1028 2011 Don’t let the 1% left wing opportunists ruin the good cause of the Occupy WS protesters supported by us 99% Main Street capitalists

One thing that has been very hard for many people to figure out is that what the Occupy Wall Street protesters want. The answer could be very simple as nobody really knows what they want and the reason why nobody really knows what they want is that nobody really knows who could be the legitimate voice to represent the entire OWS protesters. You would get a very different answer every time you bump into one of them.
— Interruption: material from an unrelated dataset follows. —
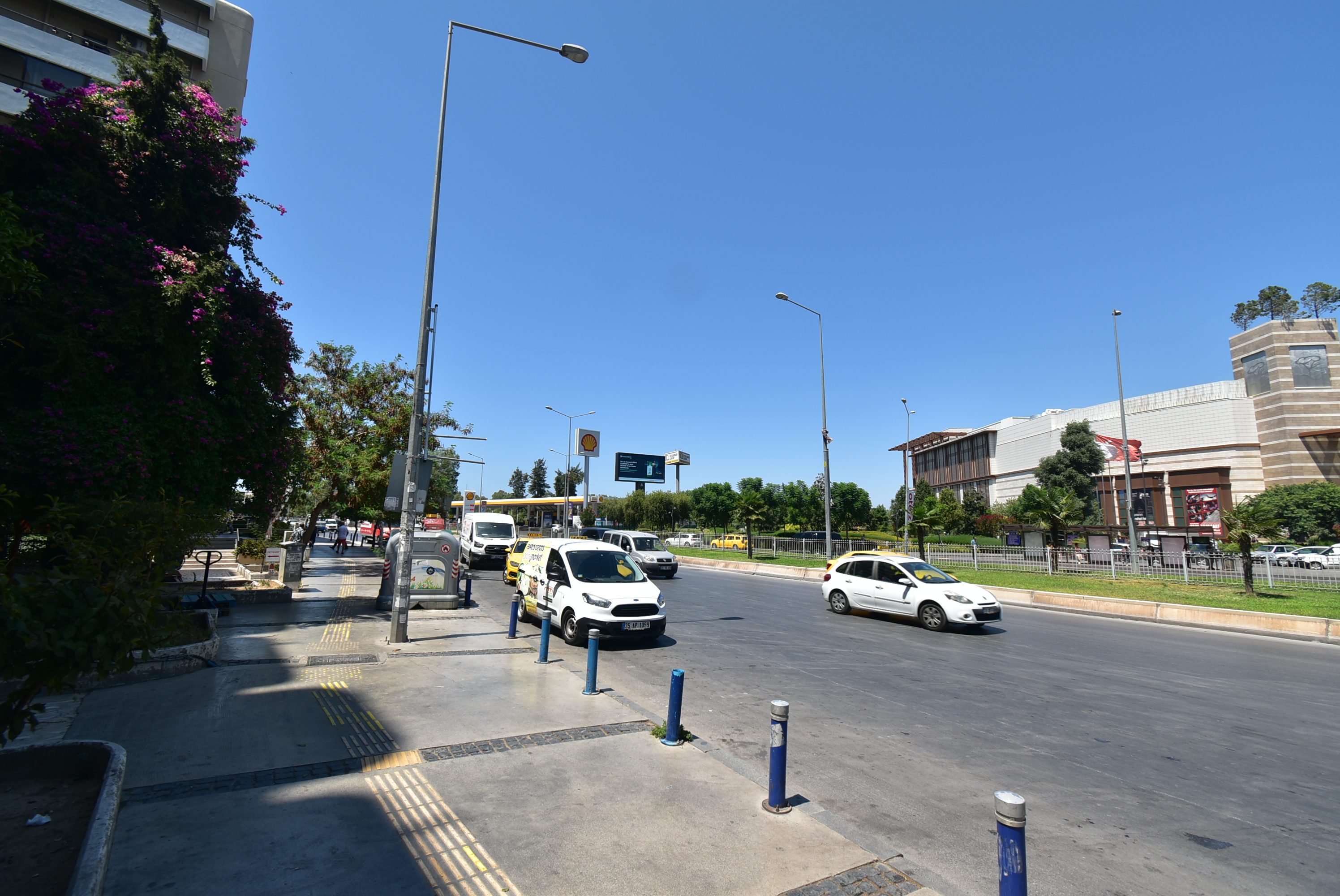 Metro, tramvay ve otobüs durakları önünde.

Squeaky wheels either get some oil or they get ear plug treatments. Without knowing exactly where the squeaky sound comes from, it seems most people just put on their ear plugs. I wonder why this could be an advantage for the OWS protestors that some of the OWS protestors have been trying to tout.
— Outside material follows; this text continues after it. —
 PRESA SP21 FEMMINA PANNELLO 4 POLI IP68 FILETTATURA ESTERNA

Without some specific goals and/or executable methods, the movement could potentially render itself to the exploitation by the extreme opportunists for a short cut ideological change. Somebody may have to come up with a way to organize them soon in order to rid the movement of these potential harmful abuses by the destructive extremists. Otherwise squeaky wheels may soon become flat tires that could paralyze our country’s economy.

Other economic pundits have predicted that this Occupy Wall Street movement might run out of steam before it gets to achieve anything significant. Personally I am not sure about it as most likely these people who made those comments did so right after they returned back from a shopping trip or from a business lunch in an expensive restaurant. While they got their living necessity fulfilled on schedule, the protestors’ situation has not change and would not change in the foreseeable future. It does not seem that the protestors would stop until they get what they need, let alone what they want, when they figure out what it is later. That sounds like a perfect hot bed for the left wing extremists.
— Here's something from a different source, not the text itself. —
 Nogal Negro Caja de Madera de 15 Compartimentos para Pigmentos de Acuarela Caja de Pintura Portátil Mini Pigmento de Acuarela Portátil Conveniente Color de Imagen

The OWS protestors could have started out with a good cause to fight against the inequality from the abuses and abusers in our capitalistic society but if nothing drastic is done to fix the incompetent government leadership in DC and the crony establishments on Wall Street soon to correct the situations, something bad to our country would very likely evolve from here.

What PeoplesAlly Foundation’s efforts aim for is trying to provide the disadvantaged working class people in our capitalistic economic society some additional free market based choices specifically created for them to stand up and unite to fix the faulty and abused system before they get to resort to toggling between the conventional ideological switches.

There could indeed be many other new free market based alternatives brought about from new innovations such as the new equity sharing based home ownership structure of FARJHO, the new peer-to-peer cash flow sharing based housing finance system of SwapRent and the new foreign exchange rate pegging system of TARELV which could bring the economic and political power from the crony hands of Wall Street back to the common people on Main Street. Innovations on our economic policy management systems that is, not the conventional technological gadget inventions that people would normally associate the word “innovation” with.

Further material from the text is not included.